Running a marathon is a major accomplishment for any runner. Just knowing that you can push your body through all the pain and exhaustion to finish a race of that distance will do wonders for your confidence. Whatever personal or physical obstacles you encounter from that point on, you can remind yourself that you ran a marathon, is that date or this interview going to be that much harder than running 26.2 miles? Hopefully not.

But lets not forget, this is not for everyone. An unfit or untrained runner attempting a marathon can result in a number of bad outcomes, including death. People dying at races are not uncommon. Ideally, you want to be a runner, obviously, and have some sort of base before planning this. Base referring to how many miles you can comfortably run without too much trouble. This should not be your next race after you finish your first 5k. Most people start thinking about a marathon after a 10-mile race or a half-marathon. That’s fine, assuming those weren’t too hard. Now here comes the hard part, training for it.

To be safe, and prepared, plan this out far in advance. Decide in the spring if you're going to try a marathon, most of the major marathons take place in the fall. At the very least, if you’re a pretty good runner, you could probably get by with 1 ½ or 2 months notice. You want your body to get used to the longer grueling runs. Bumping up your distance too much at a time is not a good idea. You’ll want to allow yourself enough time to get used to the distance without any injury or pains in the process.
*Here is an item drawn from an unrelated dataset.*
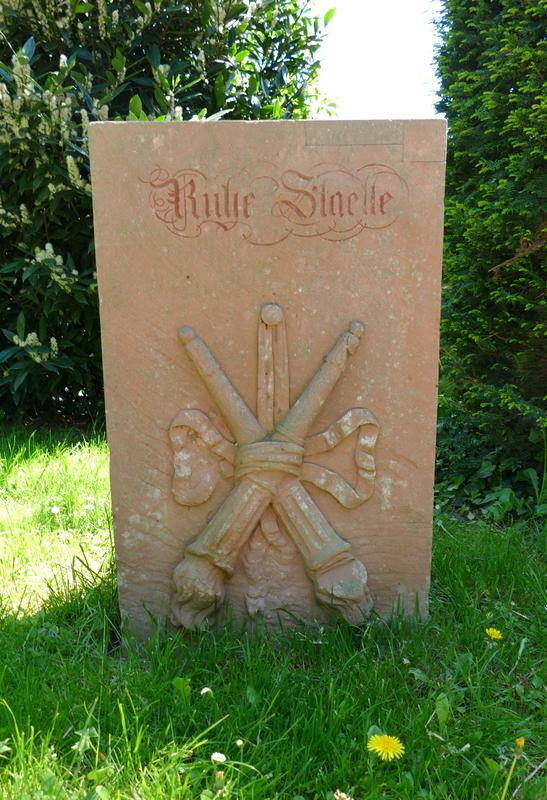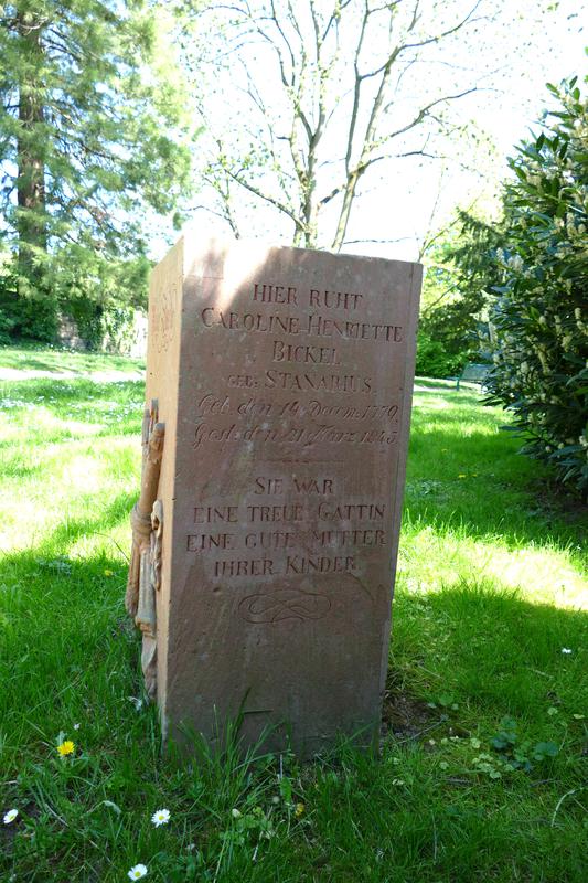 - Grabstein für Carl Friedrich Bickel (1768-1851, Kirchenrat und Pfarrer) und Caroline Henriette Bickel, geb. Stanarius (1779-1845). Blockhafter Sandstein mit der Darstellung zweier umgedrehter Fackeln.

If you are thinking about running a marathon, best of luck, it’s a great accomplishment for anyone who completes this distance. The season is slowing coming to an end, so the time to decide is right now. Waiting until next year may be a good option for some runners who aren’t quite there yet. Running is more than just running, especially when the distance is longer, you’d be surprised how much planning and strategy go into it. Just knowing what to eat that weekend and how much to drink, and how often, all factor into it. So be smart about this, do some serious planning and training before taking on a marathon. It will probably be the longest run of your life, but the feeling you’ll have after its over makes every second of it worth it.